Antifibrotic activity of hesperidin against dimethylnitrosamine-induced liver fibrosis in rats.
Naunyn Schmiedebergs Arch Pharmacol. 2014 Jun ;387(6):559-67. Epub 2014 Mar 14. PMID: 24627177
Shimaa M Elshazly
Hepatic fibrosis is a significant health problem that may progress to cirrhosis and cancer. It may be caused by viruses or chemicals such as dimethylnitrosamine, which is used as a preservative in processed meats and industrial products. The present study was designed to investigate the antifibrotic effect of hesperidin (100 or 200 mg/kg, a flavanone glycoside with potent anti-inflammatory and antioxidant activities) against liver fibrosis in rats compared to silymarin (100 mg/kg).

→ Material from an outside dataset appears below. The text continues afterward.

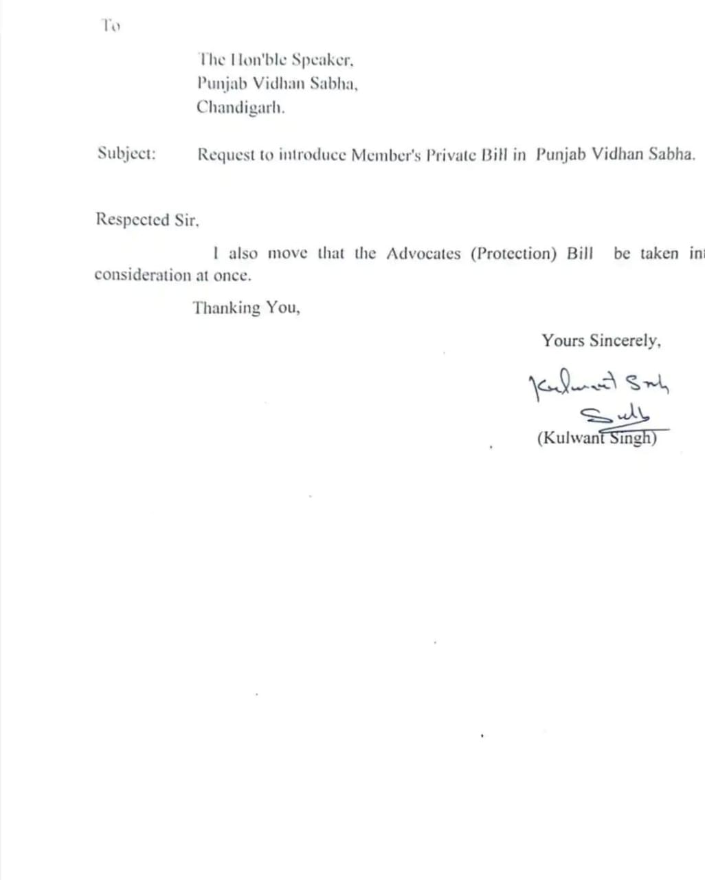 ਆਤਮ ਨਗਰ ਹਲਕੇ ਤੋਂ ਵਿਧਾਇਕ ਕੁਲਵੰਤ ਸਿੰਘ ਸਿੱਧੂ ਨੇ ਕਿਹਾ ਕਿ ਉਨ੍ਹਾਂ ਨੇ ਵਿਧਾਨ ਸਭਾ ਦੇ ਸਪੀਕਰ ਨੂੰ ਇੱਕ ਪੱਤਰ ਸੌਂਪਿਆ ਹੈ। ਜੇਕਰ ਉਹ ਇਜਾਜ਼ਤ ਦਿੰਦੇ ਹਨ, ਤਾਂ ਉਹ ਆਉਣ ਵਾਲੇ ਸੈਸ਼ਨ ਵਿੱਚ ਐਡਵੋਕੇਟ ਸੁਰੱਖਿਆ ਬਿੱਲ ਪੇਸ਼ ਕਰਨਗੇ। ਉਨ੍ਹਾਂ ਕਿਹਾ ਕਿ ਖਰੜਾ ਲਗਭਗ ਤਿਆਰ ਹੈ। ਸਪੀਕਰ ਦੀ ਪ੍ਰਵਾਨਗੀ ਮਿਲਣ ਤੋਂ ਬਾਅਦ ਬਿੱਲ ਪੇਸ਼ ਕੀਤਾ ਜਾਵੇਗਾ।

Liver fibrosis was induced in rats using dimethylnitrosamine (10 mg/kg/day, i.p.) three times per week on alternating days for 4 weeks. After 28 days, tissue and blood samples were collected to assess the protective effect of hesperidin. Dimethylnitrosamine caused liver fibrosis as evidenced by the elevation in the levels of serum alanine aminotransferase, aspartate aminotransferase, alkaline phosphatase, total and direct bilirubin, as well as hepatic malondialdehyde content, gene expression of inducible nitric oxide synthase,α-smooth muscle actin and caspase-3. In addition, dimethylnitrosamine caused a reduction in serum total protein, albumin and hepatic glutathione content. Treatment with hesperidin (100 or 200 mg/kg) successfully ameliorated the deleterious effects of dimethylnitrosamine on all tested parameters. Our study indicates a novel protective effect of hesperidin against dimethylnitrosamine-induced liver fibrosis. Interestingly, the protection evoked by hesperidin (200 mg/kg) was superior to that of the standard silymarin.